Reproclaiming the Everlasting Gospel
This is my first attempt at an original blog post and it will probably show. Please bear with me as I find my way forward with both the topic and the technology.
Here are my short answers to the questions above:
The theme of the Prophet-like-Moses is one that early Friends lifted up as an important way of understanding who Jesus is and what his work among us entails. I hope that this will be a forum for exploring some of that contribution. I am not a scholar, so I am inviting the input of many of you who are better read in Early Friends’ writings. I am aware that I am not the first to discuss the theme of the prophet-like Moses. Some of you are more familiar with the insight and contributions of Lewis Benson and others in the last 60 years. And I am grateful that others have given us valuable help to understand George Fox’s approach to Scripture (and that of other early Quaker apostles). This approach did not rest on a method or someone else’s theology or scholarship. It began and continued by revelation, what they called “openings.” These openings were not antithetical to study and consideration, but they were life giving. They were what “opened” a closed book, closed law, closed prophets, closed writings and epistles, even closed passages….

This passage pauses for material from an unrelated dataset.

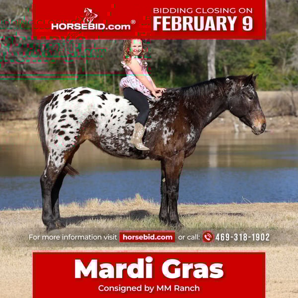 ❤️🔥𝑩𝒆 𝑴𝒊𝒏𝒆 𝐒𝐄𝐋𝐄𝐂𝐓❤️🔥 Happening now thru MONDAY | FEBRUARY 9th - Available EXCLUSIVELY on HorseBid's website! For more details and to register visit: www.Horsebid.com ONSIGNOR CONTACT: MM Ranch 469-318-1902 LOCATION: Forney, TX BREED: Appaloosa REGISTERED: No REGISTERED NAME: Mardi Gras COLOR: Leopard Appaloosa HEIGHT: 15 AGE: 14 GENDER: Mare 🪗🥁📿Mardi Gras!! 🪇🎷🎭 Highlights : -flashy leopard appaloosa -bombproof -safe for anyone to ride -babysitter type -beginner safe -no bad habits -no maintenance -no heath problems Wow is best way I know to describe this girl. She is spotted from head to tail. She is the kind you don’t see everyday. She is just 14 yrs old and stands 15 hands tall. A true leopard Appaloosa. If you want to stand out from the crowd Mardi Gras is the way to go. 🐆 She is just as gentle and sweet as she is glamorous!! This mare is the true definition of gentle, safe, well-mannered, in your pocket, and is an absolute sweetheart!! Whether you’re looking for a horse for the whole family to hit the trails, a solid broke mount to go do a days work on, or a smooth ride to play around in the arena Mardi Gras is your girl!!! She has been used on a ranch, making her very experienced and versatile mount! She’s great if rode once a week, once a month or even once every 6 months! She doesn’t get fresh. No tune up required. She’s the kind you can just jump on and go! Mardi Gras will go absolutely anywhere you point her, through rough rocky country, steep slippery slopes, thick brush, flowing waters, busy streets of town, you name it and she will go on through it without batting an eye and surefooted as can be! Cruise on down the trail with ease!! She is not only great to ride outside, she’s an absolute blast in the arena as well! She will walk, trot, and lope both ways with ease. Smoothly picks up both her leads, neck rein and has a good stop! Mardi Gras would be a great fit whether you’re 3 years old or 93 years old, a beginner rider or an experienced rider. She has absolutely no buck or bad habits. 🎨 She did have a pre vet evaluation done included in the pictures. She sells absolutely sound. Sound to bred as well if you want to do that with her. She has no maintenance or special requirements. No special feed. She is a super easy keeper. If you have anymore questions about her feel free to call to us. We would love to visit with you about her. We can help you arrange shipping anywhere. She is up to date on all vaccinations, worming, had her teeth checked, feet. She is ready to go to her new home to be loved and enjoyed. Don’t miss out on this girl!!

This is what I do bring to this conversation. I believe the questions that head this blog were spoken to me on Friday the 11th of February, 2011 while I was sitting on my bed trying to read a section of the Epistle to the Romans. And I believe that they were spoken by the Lord by His spirit. If someone else has pursued these questions before, I am not aware of it, so as yet, I have not given them proper credit. If the questions have been addressed before, I hope someone will draw it to my attention because it may be of much use in this conversation.
Here is something else that I bring which I believe I hold in common with George Fox. The Scriptures are precious to me and they are precious because of openings (see the Nickalls ed. of the Journal, p 34). In my case, some of these have come directly and some have come through the inner witness from the insights and ministry of others. I also know something of having my understanding “shut up” in sin and false teaching. If the Lord’s blessing is in this, those dark places that are still festering will be thrown open and the false consumed by the Day Star arising.
I am not going to begin by tackling Paul’s epistles directly. That may disappoint some, but my sense is that door of fear is too tightly shut for many to tackle without letting faith and hope grow first by laying some groundwork. I will try to be careful to give credit to others when I am aware of their contribution. And I ask that you all be good Bereans, checking out what I and others write and calling us out when we mistakenly fail to cite the contributions of the cloud of witnesses who have gone before.
I have run this “plan” by some of my closest brothers and sisters in the faith. When possible, a leading for ministry should be submitted rather than presented to the community of believers, the brother-and-sisterhood of prophets. There is wisdom and strength to be found in these “Monday” or” 2nd Day” meetings of ministers when they are given to us.
Following is a rough outline of the thread in future blog posts that I laid out to these precious folk on that fateful Friday. This is a blog as opposed to a tract or article because I do not yet see through everything I will be given to say. And I hope this will be a joyous community celebration of new insights. I also long for the endeavor to strengthen our work of proclamation among those who are now sure this message is wrong but who may yet see the work of Grace. I certainly don’t know what will be contributed by others and those contributions may be the most important in setting the direction.
But for the time being:
1. What is this Prophet-like-Moses business anyhow?
2. Is there a basis in Scripture for this? (And what did the early Friends say?)
3. What messianic expectations existed at the time of the ministries of Jesus and John (the Baptist)?
4. What references in the accounts of Jesus’ ministry relate to this particular expectation?
5. What do we have from the early Church?
6. Who does Luke say about what Paul did and what he had to say? Did he lose this theme?
If we are brought past the last question in the Lord’s gentle yoke, we may be ready to look at some of the epistles.